Amplificateur Basse Fréquence avec lampe T.M.

Peut fonctionner comme un simple poste à galène.

Pour faire fonctionner la lampe amplificatrice, il faut ajouter une batterie de chauffage de 4 V et une "batterie de plaque" de 40 à 80 V.

 

 

 

III.2 - 1923 : LA LAMPE RADIO-MICRO

En 1923 apparaît la lampe RADIO-MICRO, filament thorié, elle ne consomme plus pour son chauffage que 0,06 Ampères sous 4 Volts. C'est merveilleux… les lampes vont se multiplier au sommet des postes récepteurs de T.S.F.

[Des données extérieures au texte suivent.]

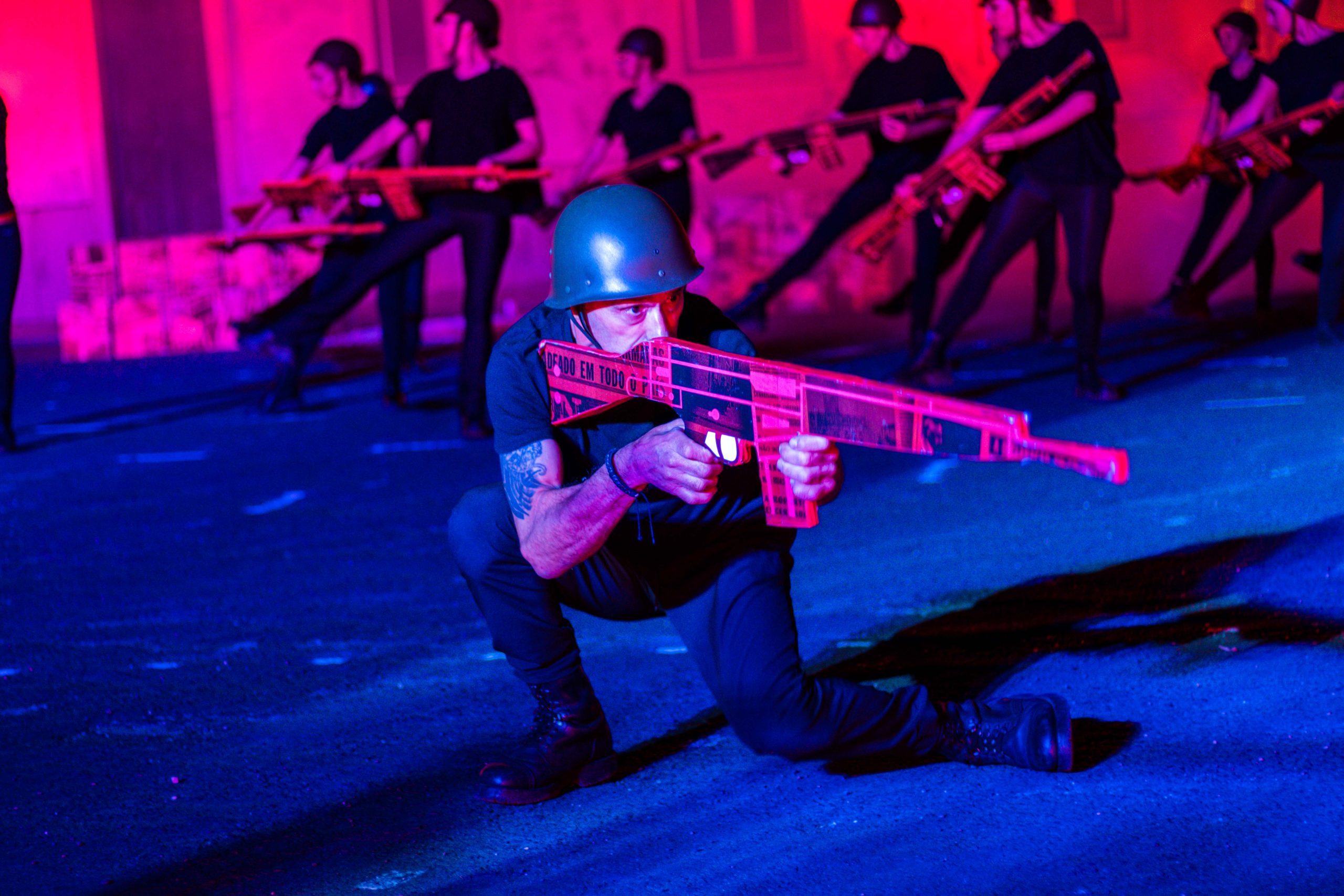 Durante o espetáculo, os espectadores puderam ver retratadas cenas do tempo da ditadura, a censura, a perseguição política, a tortura e as prisões arbitrárias dos opositores, a guerra colonial e a morte nos campos de batalha, a organização do Movimento das Forças Armadas e a partida da coluna militar da Escola Prática de Cavalaria rumo a Lisboa para o golpe que depôs o governo ditador no dia 25 de Abril de 1974.

Merveilleux, certainement; pratique c'est autre chose.

La maîtresse de maison qui avait été conquise par les premiers balbutiements de cette radiophonie naissante est bien moins enthousiaste quand elle se rend compte qu'accessoires après accessoires, son bricoleur de mari transforme la salle à manger familiale en laboratoire encombré de fils et que l'acide des accumulateurs (qu'il faut bien déplacer pour les faire recharger) ne vaut rien aux tapis.

Quant à ce qui est de faire sortir du haut-parleur autre chose que des sifflements, seul le maître en est capable… après combien de tâtonnements.

La complexité des réglages à effectuer pour obtenir une réception convenable, fera écrire à un éditorialiste :

" Pour obtenir un résultat, il faut en radio, être au moins trois : un signal à recevoir, un appareil de réception et quelqu'un qui sache tourner les boutons ".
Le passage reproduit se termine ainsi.